--- START ---
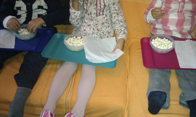 filme, pipocas, jogo da glória e pinturas.
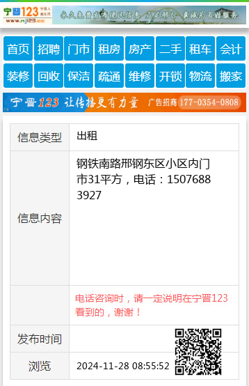 钢铁南路邢钢东区小区内门市31平方,电话:15076883927
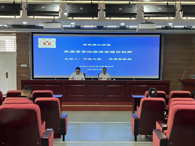6月5日上午,由科研處、經(jīng)濟(jì)與管理學(xué)院主辦的“數(shù)據(jù)要素的經(jīng)濟(jì)學(xué)理論創(chuàng)新”南艷湖大講堂學(xué)術(shù)報(bào)告在6棟一樓學(xué)術(shù)報(bào)告廳進(jìn)行。教育部特聘教授、國(guó)家“百千萬人才工程”人選、寧波大學(xué)商學(xué)院博士生導(dǎo)師鐘昌標(biāo)教授應(yīng)邀作學(xué)術(shù)報(bào)告,經(jīng)濟(jì)與管理學(xué)院院長(zhǎng)陳江華出席并主持,學(xué)院領(lǐng)導(dǎo)及100余位相關(guān)專業(yè)師生共同參與。
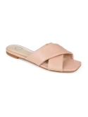 Crisscross strap upper Soft faux leather material Comfortable padded footbed Faux leather upper Polyurethane lining Manmade outsole
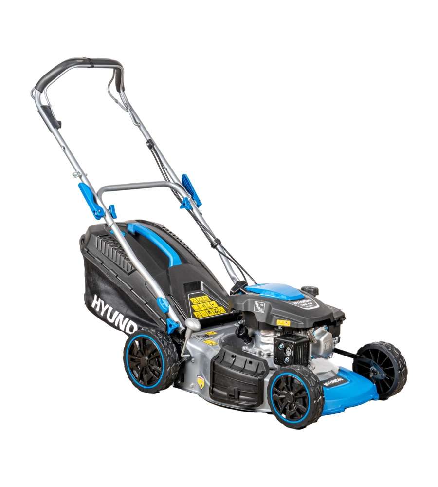 Tagliaerba a scoppio Hyundai 3,5 HP, cilindrata 150 cc, larghezza di taglio 430 mm. 7 altezze di taglio (25-75 mm), sacco da 45L. Trazione, ruote maggiorate e impugnatura soft grip per comfort. Ideale per giardini medi.Velocità massima:
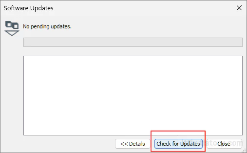 다음으로 열리는 Software Updates 팝업 창에서 아래쪽의 Check for Updates 버튼을 클릭해 줍니다. 이렇게 하면 업데이트할 내역이 있는 경우 vmware에서 자동으로 업데이트를 진행합니다.
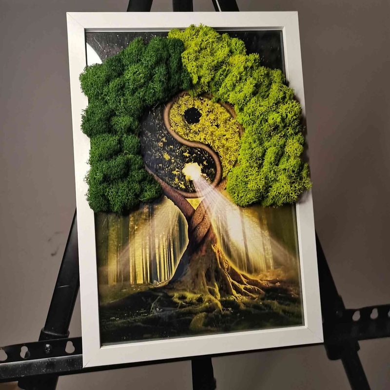 Tablou cu licheni naturali, stabilizati "Copac Yin-Yang" Tablou cu licheni naturali, stabilizati "Copac Yin-Yang"
--- END ---
With the images omitted, retype the records above exactly.

 filme, pipocas, jogo da glória e pinturas.
 钢铁南路邢钢东区小区内门市31平方,电话:15076883927
6月5日上午,由科研處、經(jīng)濟(jì)與管理學(xué)院主辦的“數(shù)據(jù)要素的經(jīng)濟(jì)學(xué)理論創(chuàng)新”南艷湖大講堂學(xué)術(shù)報(bào)告在6棟一樓學(xué)術(shù)報(bào)告廳進(jìn)行。教育部特聘教授、國(guó)家“百千萬人才工程”人選、寧波大學(xué)商學(xué)院博士生導(dǎo)師鐘昌標(biāo)教授應(yīng)邀作學(xué)術(shù)報(bào)告,經(jīng)濟(jì)與管理學(xué)院院長(zhǎng)陳江華出席并主持,學(xué)院領(lǐng)導(dǎo)及100余位相關(guān)專業(yè)師生共同參與。
 Crisscross strap upper Soft faux leather material Comfortable padded footbed Faux leather upper Polyurethane lining Manmade outsole
 Tagliaerba a scoppio Hyundai 3,5 HP, cilindrata 150 cc, larghezza di taglio 430 mm. 7 altezze di taglio (25-75 mm), sacco da 45L. Trazione, ruote maggiorate e impugnatura soft grip per comfort. Ideale per giardini medi.Velocità massima:
 다음으로 열리는 Software Updates 팝업 창에서 아래쪽의 Check for Updates 버튼을 클릭해 줍니다. 이렇게 하면 업데이트할 내역이 있는 경우 vmware에서 자동으로 업데이트를 진행합니다.
 Tablou cu licheni naturali, stabilizati "Copac Yin-Yang" Tablou cu licheni naturali, stabilizati "Copac Yin-Yang"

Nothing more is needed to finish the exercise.